Deciding to see what all the fuss was about, I set myself the task of sending voice notes to friends and family for a week. My 18-year-old sister, as you can imagine, got involved straight away when I told her my plan (over voice note) replying with her own, explaining what the cat had been chewing downstairs.

My cousin also got on board. “Oh my God I looooove voice notes,” she said. “Especially if I have something long to say, you know? I love it when people send them back, I don’t have to read I just listen. I wouldn’t say ‘how are you’ with a voice note, but you know when you’ve got a long story, it just works!”

And she’s right, voice notes don’t have to be well articulated - in my experience people ended up sending a stream of consciousness, filled with laughs, pauses and distractions.
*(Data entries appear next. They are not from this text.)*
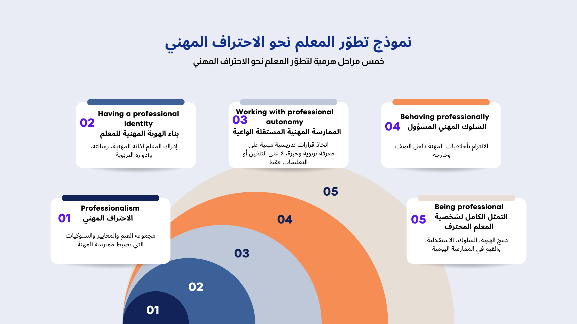 إنه مسار تطوّر واعٍ يبدأ بالقيم، ويتجذر في الهوية المهنية، وينضج عبر الاستقلالية المسؤولة، ويظهر في السلوك اليومي، حتى يصبح جزءًا أصيلًا من شخصية المعلم.
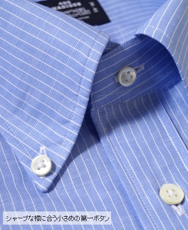 ■第一ボタンには、シャープな襟に合う小さめの9mmボタンを使用。
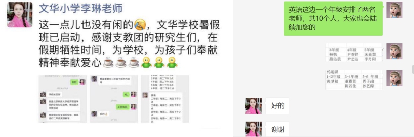在支教活动正式开始之前,支部书记尹香婷于7月12-13日与文华学校校长李琳在共建支教活动上进行沟通协商,就课程、时间安排等方面达成一致并完成了对接,随即成立管工研19党支部支教活动筹备小组进行交流探讨,确定课程规划和人员安排。随后,在组织委员黄梦禧和宣传委员巩忠霞的带领下分别成立兴趣课课程组和英语课课程组。支部成员从构思到筹备,从讨论到分工,洋溢着投身志愿活动的真挚热情与青年人的责任担当意识,为做好支教前期准备付出了辛勤的努力。

Sharing particularly funny moments or a testing day at work.

Some friends found my audio clips hilarious, responding “haha” rather than with their own voice clip. But I still found myself enjoying the ease of telling a story without tapping on my screen.
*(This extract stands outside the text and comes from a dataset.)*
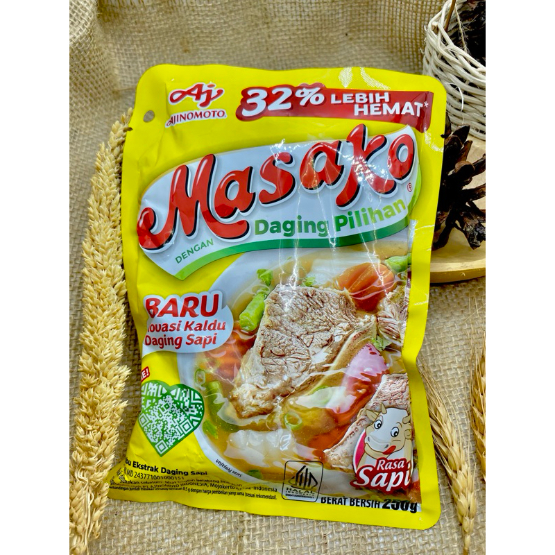 Masako Sapi 250gr adalah bumbu penyedap rasa berbentuk granule atau bubuk yang terbuat dari ekstrak daging sapi asli, garam, gula, serta rempah-rempah pilihan. Produk ini membantu menghadirkan cita rasa gurih khas kaldu sapi dalam berbagai masakan.
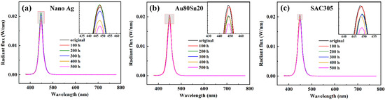 Figure 9a shows the spectra of LED with nano-Ag under different aging time. The driving current was 350 mA. As the aging time increased to 500 h, the spectral intensity increased first and then decreased, which is consistent with the rule above. Figure 9b,c display the spectra of Au80Sn20 and SAC305 sample, which spectral intensity decreased gradually with the increasing aging time. The spectral intensity of nano-Ag sintered LED was always higher than those of the Au80Sn20 and SAC305 sample. This may be due to the good thermal conductivity of nano-Ag, which converts the total power more into the optical power, improving the spectral intensity and optical efficiency of LED.

There was one slight hitch. My friend Ed said: “I tell you what is weird, recording a voice note while you’re sat in the office. Also I can’t listen to your note unless I put headphones in or the whole office can hear.”

He was right, there’s a time and a place for a voice note. Despite this, I caught the voice note bug. I got excited when I would see someone was recording a reply. I sent voice notes to people I knew wouldn’t send one back, just for lols.

I giggled to replies I did get as if we were playing some sort of game. And then I got over the laugh of it and started to use it for genuine ease of telling longer stories to my closest friends and family.

So what is it that has us hooked? Maybe it’s because voice notes allow us to reintroduce audio into our conversation. Or maybe it’s the way this method of communication allows us to convey tone, context and sentiment in a way that written messages just can’t.

Perhaps the main draw comes down to it being ridiculously practical: a message might take several minutes to type out but will take half that time using your voice. A little more than a text, but less intense than a phone call. I’m sold.